# Sudoku and Recursion - Perl Weekly Challenge #86

I solved Challenge #2 in Perl Weekly Challenge #2 with **Recursion!**

You are given Sudoku puzzle (9x9).

Write a script to complete the puzzle and must respect the following rules:

- Each row must have the numbers 1-9 occuring just once.
- Each column must have the numbers 1-9 occuring just once.
- The numbers 1-9 must occur just once in each of the 9 sub-boxes (3x3) of the grid.

So, just Sudoku like we know it. This is the sample puzzle:

```
_ _ _ 2 6 _ 7 _ 1
6 8 _ _ 7 _ _ 9 _
1 9 _ _ _ 4 5 _ _
8 2 _ 1 _ _ _ 4 _
_ _ 4 6 _ 2 9 _ _
_ 5 _ _ _ 3 _ 2 8
_ _ 9 3 _ _ _ 7 4
_ 4 _ _ 5 _ _ 3 6
7 _ 3 _ 1 8 _ _ _
```

We can start with the upper-left corner, which we’ll call `0,0`

. We can iterate through `1..9`

, and find that `1`

is a no-go for the first row and first column and first block, `2`

is a no-go for the first row, and `3`

is the first one that can possibly work.

```
3 _ _ 2 6 _ 7 _ 1
6 8 _ _ 7 _ _ 9 _
1 9 _ _ _ 4 5 _ _
8 2 _ 1 _ _ _ 4 _
_ _ 4 6 _ 2 9 _ _
_ 5 _ _ _ 3 _ 2 8
_ _ 9 3 _ _ _ 7 4
_ 4 _ _ 5 _ _ 3 6
7 _ 3 _ 1 8 _ _ _
```

And then start by testing `0,1`

and `0,2`

and find `0,3`

already has `2`

set, and so on.
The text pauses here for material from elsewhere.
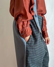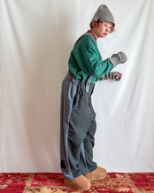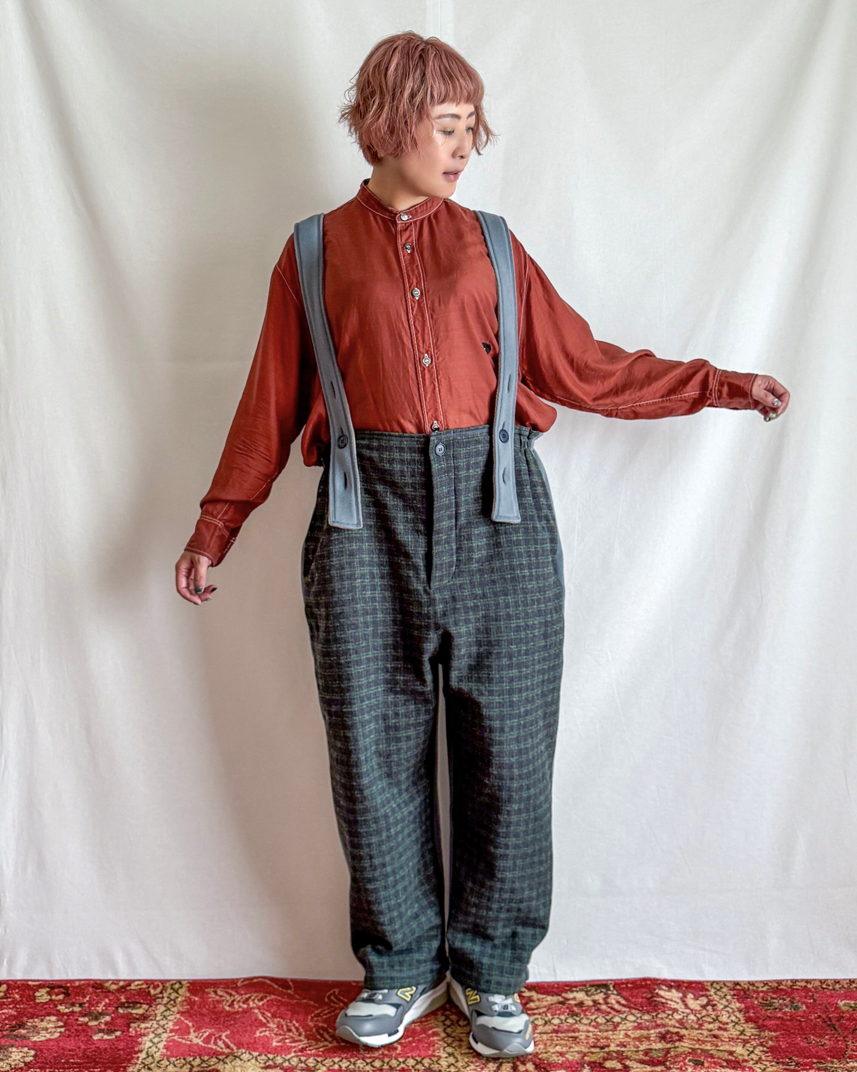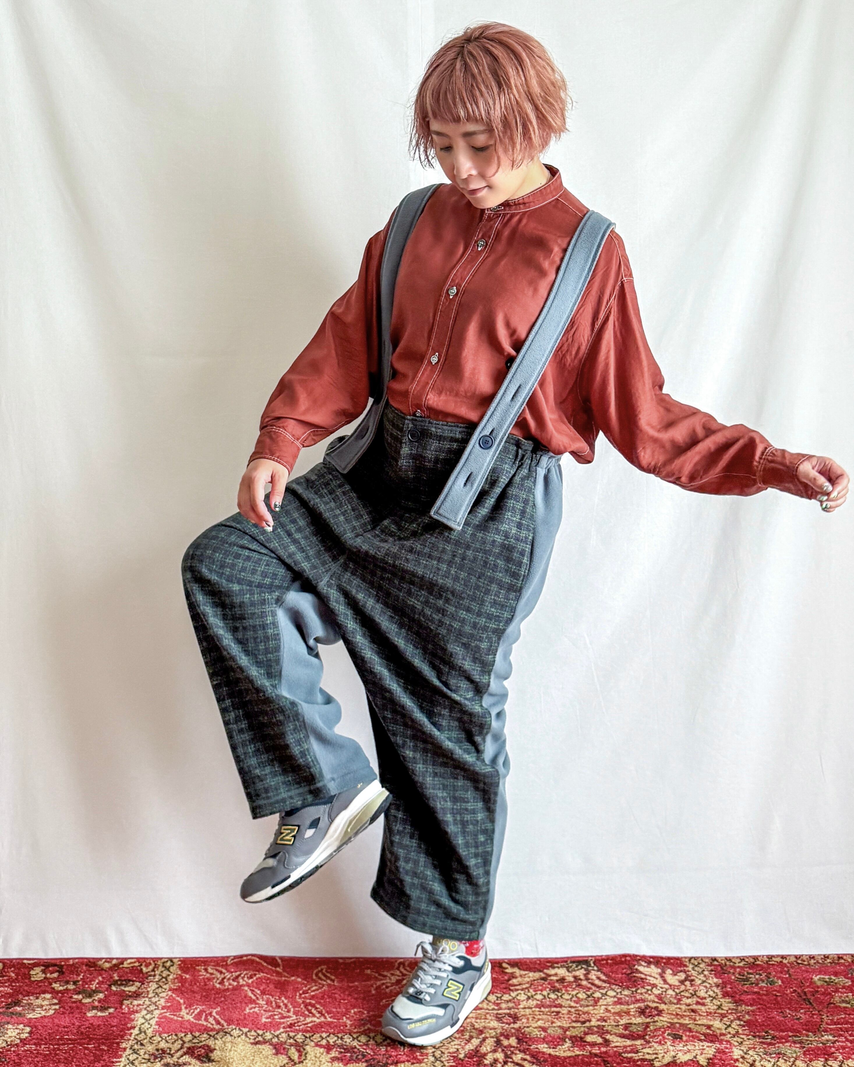 ・股上が深く、たっぷりとしたスーパールーズなシルエット。裾にかけてほんの少し絞ることで、重ね着してもバランスよく着こなせる形になっています。

We go forward, accepting the pre-existing values and inserting values when necessary. Going through all possible choices like this is what we call **brute force**, and, at the level we’re at with Sudoki, with a 9x9 grid and only 9 possible choices for each position, taking only a fraction of a second on my laptop, this is valid.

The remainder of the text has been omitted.